The invention belongs to the technical field of sanitary drainage and pollution control, and particularly relates to a method for separating and classifying drainage based on a source and treating high-concentration domestic wastewater by applying a soil medium reactor.

Second, background Art

The conventional sanitary drainage and pollution treatment method is to mix various domestic sewage together and discharge the mixture into a sewer, and then discharge the sewage into the environment after necessary treatment according to the requirements of the environmental discharge standard. If the site of treatment is remote, a drain line needs to be constructed. This method is costly and is not particularly suitable for use in wide rural areas.

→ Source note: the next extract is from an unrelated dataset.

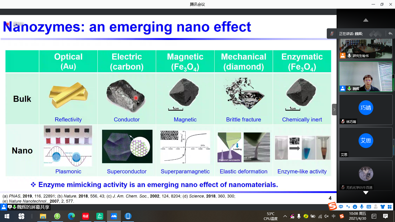报告中,魏辉教授首先从纳米材料模仿天然酶的功能出发,介绍了纳米酶的发展及其与天然酶、其他模拟酶的对比。其次,魏辉教授介绍了纳米酶的广泛应用,如生物分析、生物成像、疾病治疗、环境保护等领域。并且详细介绍了纳米酶从模型体系、材料的设计合成、通过“试错法”最终应用在生物医学领域的发展历程。最后,魏辉教授分享了其课题组的工作及研究进展。

In rural areas, a process called ecological treatment is sometimes applied to treat discharged sewage. These ecological treatment methods, which mainly utilize the diffusion of oxygen in nature to provide oxygen for biochemical reactions, are not essentially different from the conventional methods in terms of the mechanisms of sanitary drainage and pollution control. The main problems faced by this type of approach include: (1) the sewage mixed with various domestic discharges has higher pollutant concentration and larger water quantity, and more ecological resources such as land area and the like are needed for achieving qualified treatment; (2) the denitrification effect is poor. The existing ecological treatment mainly depends on a biochemical reaction mechanism of nitrification-denitrification for denitrification, the nitrification process needs abundant dissolved oxygen to participate, the denitrification process needs enough carbon source as an electron donor, and the conditions are difficult to realize under the existing ecological treatment method.

Third, the invention

The present invention first defines the blowdown wastewater and the wash wastewater. The sewage waste water is waste water discharged from human excrement and urine and high-concentration restaurant waste liquid or waste, and is basically characterized by high pollutant concentration and low water volume, and comprises more than about half of organic load and more than 90% of ammonia nitrogen, total nitrogen and total phosphorus load in domestic pollution, but the water volume only accounts for about 1/4 of the total domestic waste water. The washing wastewater refers to wastewater generated by various washing activities in life besides the sewage wastewater, mainly comprises bath water, washing water, kitchen washing water and the like, and is characterized by low pollutant concentration and large water quantity. The process of the invention is illustrated below:

(1) respectively discharging indoor domestic wastewater from a generated source according to the classification of sewage wastewater and washing wastewater; wherein the sewage wastewater is treated by a soil medium reactor method and is discharged underground on site; the soil medium reactor method is shown in the attached figure, and comprises, but is not limited to, a reactor 1 which is arranged in a soil layer below the ground and is filled with a filling medium including soil, and comprises a water distribution layer 2, an unsaturated reaction layer 3, a saturated reaction layer 4 and a water outlet control layer 5 from top to bottom; the inlet water passes through the unsaturated reaction layer 3, the saturated reaction layer 4 and the outlet water layer 5 in sequence under the action of the hydraulic dead weight and then leaves the reactor 1; the method for arranging the water distribution layer 2 is to lead in the inlet water and to evenly distribute the inlet water in the horizontal direction; the method for setting the unsaturated reaction layer 3 is to maintain the water vapor pressure in the unsaturated reaction layer to be less than the saturated water vapor pressure, and to effectively remove other pollutants except total nitrogen in the wastewater which continuously infiltrates into the saturated reaction layer 4 through the screening and intercepting action, the adsorption and absorption action of the filling medium and the physical and chemical actions of organisms including microorganisms, plants and soil animals, and to make the ammonia nitrogen partially nitrosate; the saturated reaction layer 4 is provided by a method of providing an effect of denitrification by anammox; the effluent control layer 5 is provided by controlling the effluent rate of the reactor to maintain the interface height of the saturated water in the reactor 1 relatively stable.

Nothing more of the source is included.